Context: Eliminates serialization overhead between Pandas, Polars, DuckDB, Spark. Foundation for modern data interoperability.
Cost Impact: Reduced memory pressure, faster query startup times.
Related: Parquet, Vectorization
Autoloader / Auto-ingestion
Definition: Incremental data ingestion that automatically detects new files without manual schema management.
Context: Essential for streaming ingestion from cloud storage (S3, GCS, ADLS). Reduces operational overhead.
Senior Gotcha: File listing operations at scale can become expensive. Use directory listing optimizations or queue-based notification (SQS, Pub/Sub).
Cost Impact: Reduced API calls vs. full scans, but requires queue infrastructure.
B
BASE Transactions
Definition: Basically Available, Soft state, Eventually consistent - alternative to ACID for distributed systems.
Context: Acceptable for analytics, clickstream, and scenarios where eventual consistency is tolerable.
Trade-offs: Higher availability and partition tolerance at the cost of immediate consistency.
Cost Impact: Lower coordination overhead, better horizontal scalability.
Related: ACID, CAP Theorem
Bronze/Silver/Gold Tables
Definition: Multi-stage data quality pattern where data progresses through quality tiers.
| Tier | Purpose | Quality | Use Case |
|---|---|---|---|
| Bronze | Raw ingestion | As-landed | Audit, replay capability |
| Silver | Cleaned/typed | Validated | Analytics, ML features |
| Gold | Aggregated/business | Certified | BI, dashboards, products |
Context: Medallion architecture popularized by Databricks. Enables data quality gradual improvement.
Cost Impact: Multiple storage copies (2-3x storage cost). Optimize with views where appropriate.
Data Bricks Migration
Definition: Multi-cloud platform for data engineering, analytics, and ML.
Context: Unified platform for Spark, Delta Lake, MLflow, and SQL warehouses.
Cost Impact: Premium pricing over open-source equivalents. Justified for unified experience and reduced operational overhead.
C
CAP Theorem
Definition: In a distributed system, you can only guarantee 2 of 3: Consistency, Availability, Partition tolerance.
Context: Every distributed data system makes CAP trade-offs. Understanding them is critical for architecture decisions.
Principal Insight: In cloud systems, P is guaranteed (networks fail). The real choice is C vs A.
Cloud-Native Architecture
Definition: System design leveraging cloud-specific capabilities (object storage, managed services, auto-scaling).
Context: NOT just “running in the cloud.” True cloud-native uses storage disaggregation, serverless compute, and managed services.
Cost Impact: OpEx over CapEx, pay-for-use models, reduced operational overhead.
Columnar Storage
Definition: Data stored by column rather than row, enabling efficient compression and predicate pushdown.
Context: Foundation of modern analytics (Parquet, ORC, Kudu). Essential for query performance.

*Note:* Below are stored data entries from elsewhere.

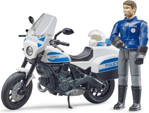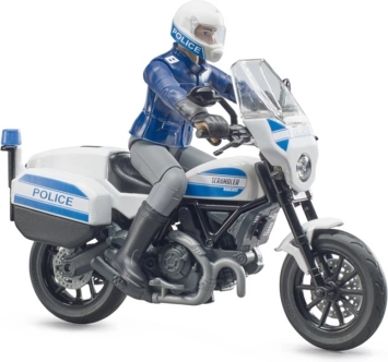 Motocicleta de poliție DUCATI Scrambler de la Bruder este un model elaborat pentru micii și marii fani ai serviciilor de salvare. Motocicleta are ghidon rotativ pentru manevrare ușoară și cric rabatabil pentru staționare stabilă. Figurina polițistului are membre mobile, astfel încât poate fi așezată în poziție de condus sau lângă vehicul.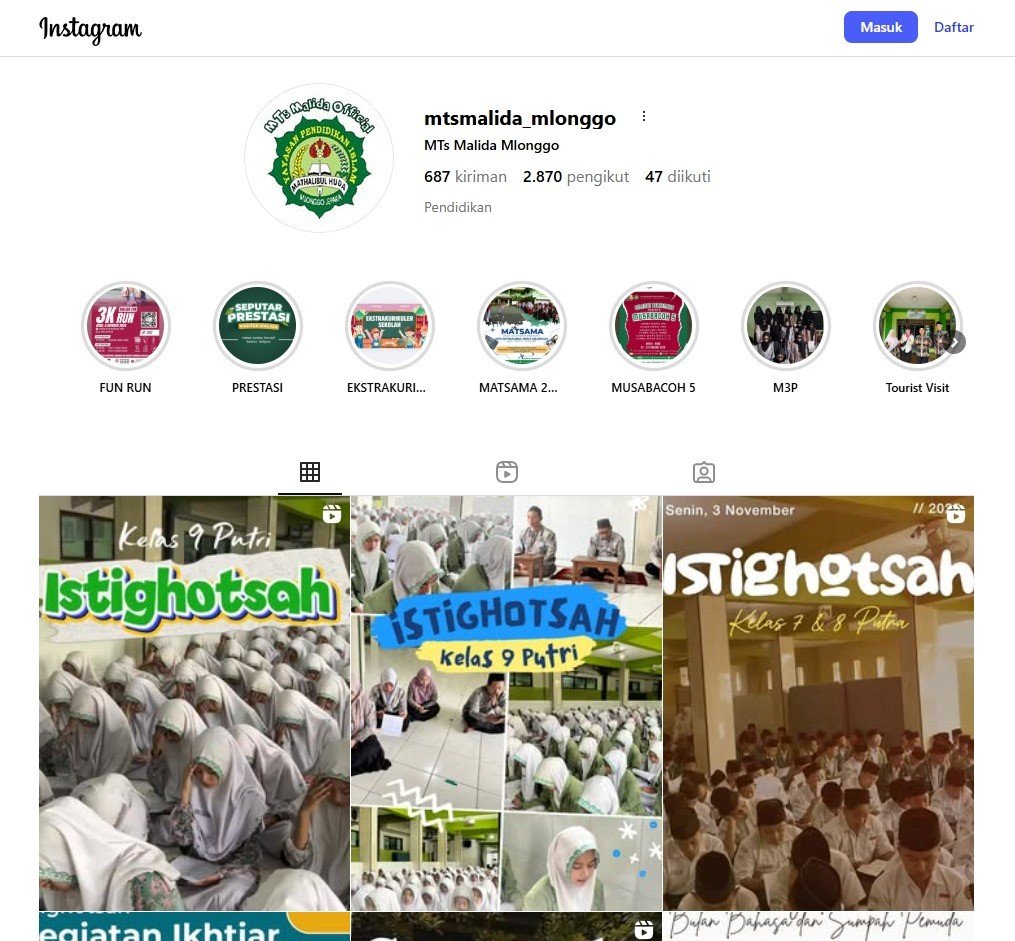 Melalui media tersebut, madrasah menyebarkan informasi kegiatan, prestasi, serta pengumuman penting secara cepat dan transparan. Pemanfaatan media digital ini menjadi bukti komitmen madrasah dalam menghadirkan layanan informasi yang modern, terbuka, dan inspiratif di era teknologi.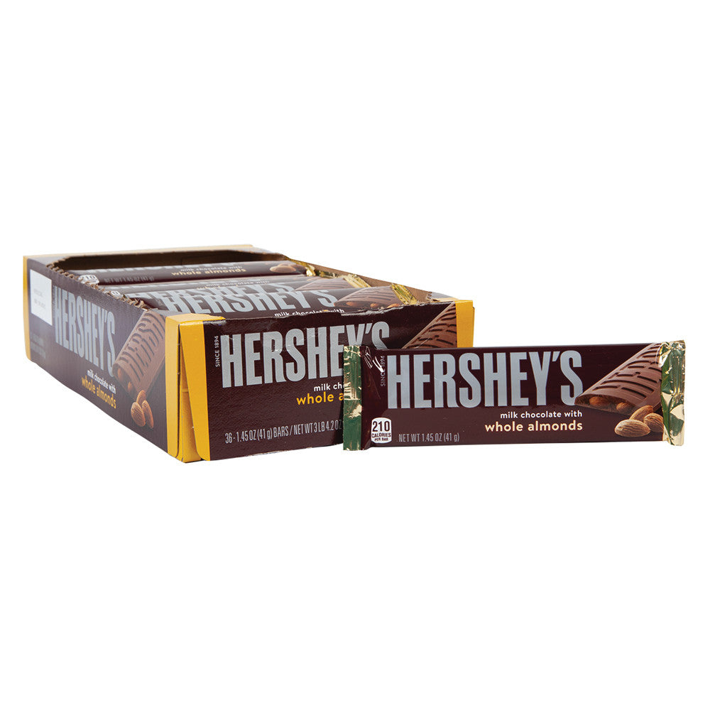 Offer your customers the delicious taste of Hershey's® milk chocolate loaded with almonds in every bite. Crafting favorite chocolate sensations that consumers seek out since 1894, these Hershey's candy bars are sure to be a hit on your candy aisles. The convenient readymade display box is great for merchandising next to other Hershey chocolate bar favorites to create the perfect upsell.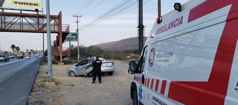 Una joven identificada como Susana Isabel, de 21 años, resultó lesionada luego de perder el control de su Chevrolet Aveo sobre la carretera libre Saltillo–Monterrey, a la altura de la empresa Atlantis.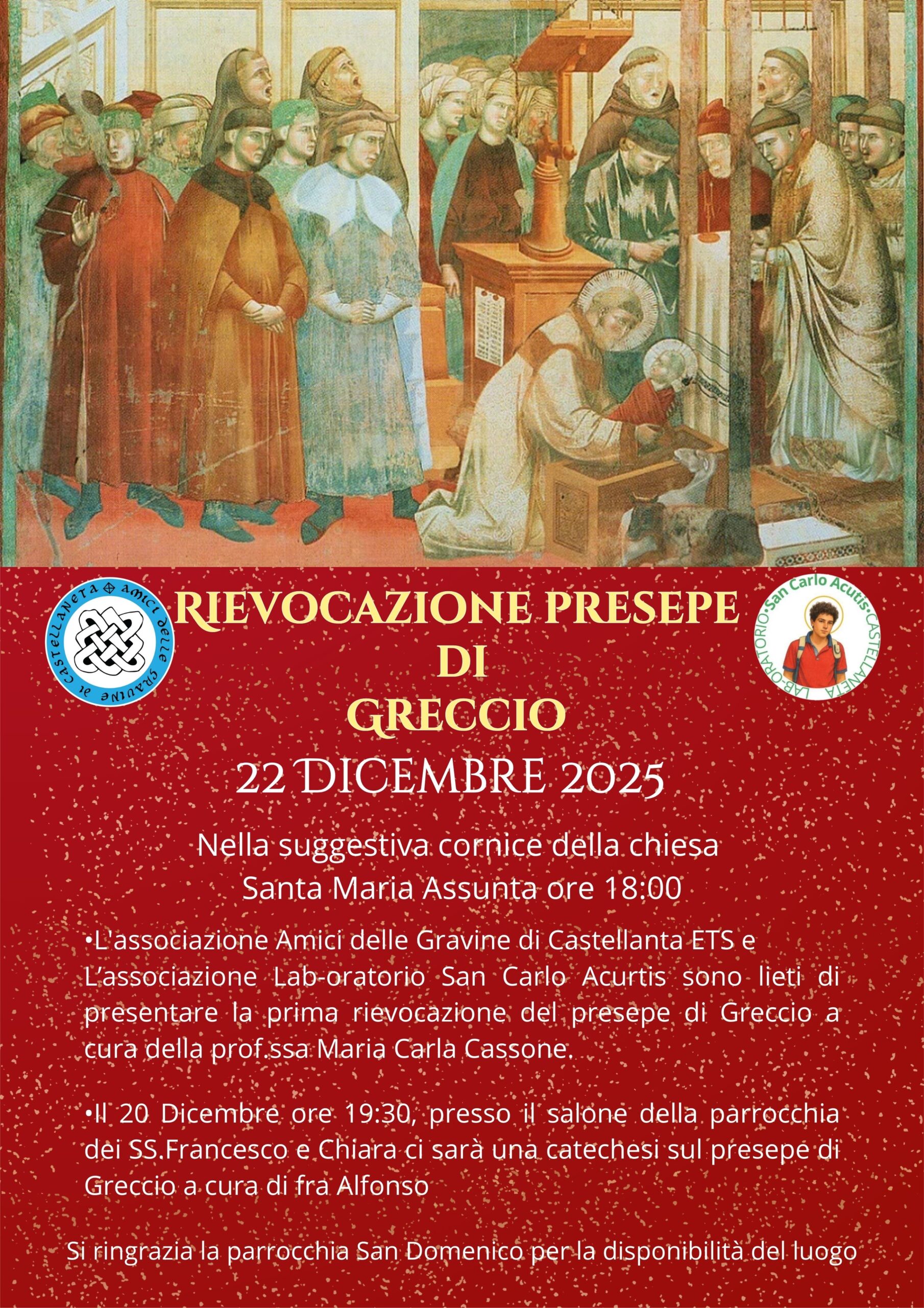 Nella cornice della chiesa di Santa Maria Assunta giorno 22 Dicembre 2025 l’associazione Amici delle Gravine di Castellaneta ETS e l’associazione Lab-oratorio San Carlo Acutis Castellaneta coordinati dalla prof.ssa Maria Carla Cassone daranno vita alla rievocazione del presepe di Greccio, ci teniamo a precisare che non è il presepe vivente, ma la rievocazione della storia […]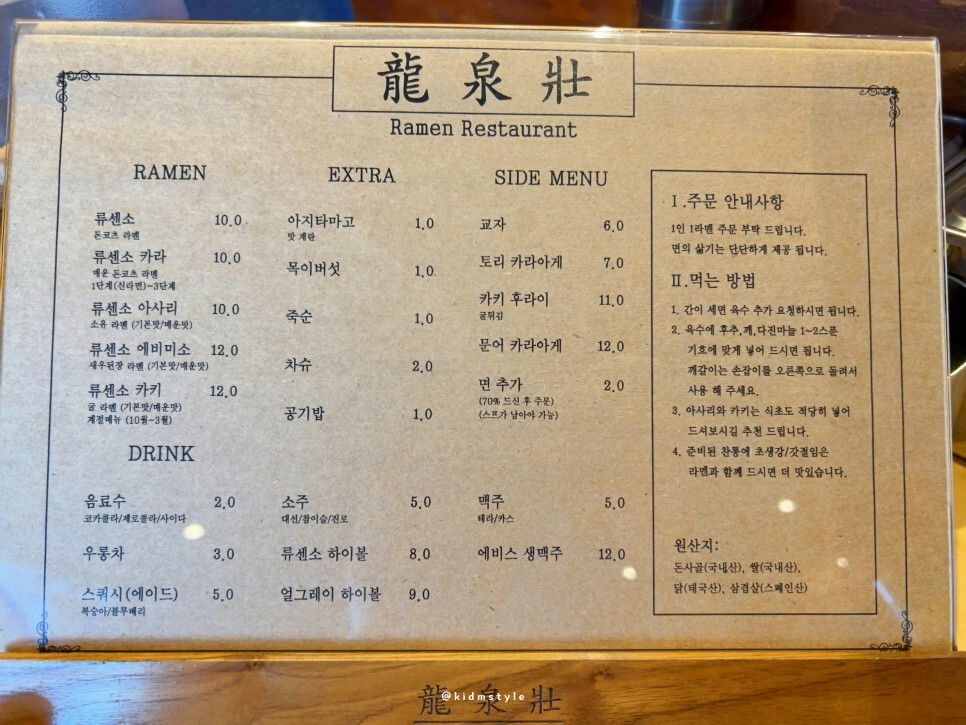 간판인 류센소 龍泉壯 한자로 용천장이다. 이 상호 뜻에 대해 설명해 놓은 류센소 포스팅을 거의 보지 못했다. 좀 찾아보니 용천장 龍泉壯은 용이 사는 곳이라는 뜻이며 류센소를 만든 사장님이 일본에서 일했던 가게 이름이라고 한다.

Cost Impact: Better compression = lower storage costs. Faster queries = lower compute costs.
Related: Parquet, Predicate Pushdown
Compaction
Definition: Merging small files into larger ones to address the small files problem.
Context: Continuous background process in streaming systems. Critical for query performance and metadata management.
Senior Gotcha: Aggressive compaction increases write amplification. Too passive = thousands of small files = slow queries and NameNode overload.
Cost Impact: Compute trade-off for query performance. Spot instances ideal for compaction workloads.
Related: Small Files Problem, Z-Ordering
Compute-Storage Separation
Definition: Architecture where compute and storage scale independently.
Context: Fundamental to cloud data platforms. Enables storage in S3/GCS with compute from Spark/Trino/Presto.
Cost Impact: Optimal for variable workloads. Can provision compute for query spikes without over-provisioning storage.
Related: Lakehouse
Containerization
Definition: Packaging applications with dependencies into containers (Docker) for consistent execution.
Context: Enables reproducible data pipelines, easier local development, and Kubernetes orchestration.
Cost Impact: Better resource utilization, easier rightsizing.
D
Data Contract
Definition: Formal agreement between data producer and consumer defining schema, quality SLAs, and update frequency.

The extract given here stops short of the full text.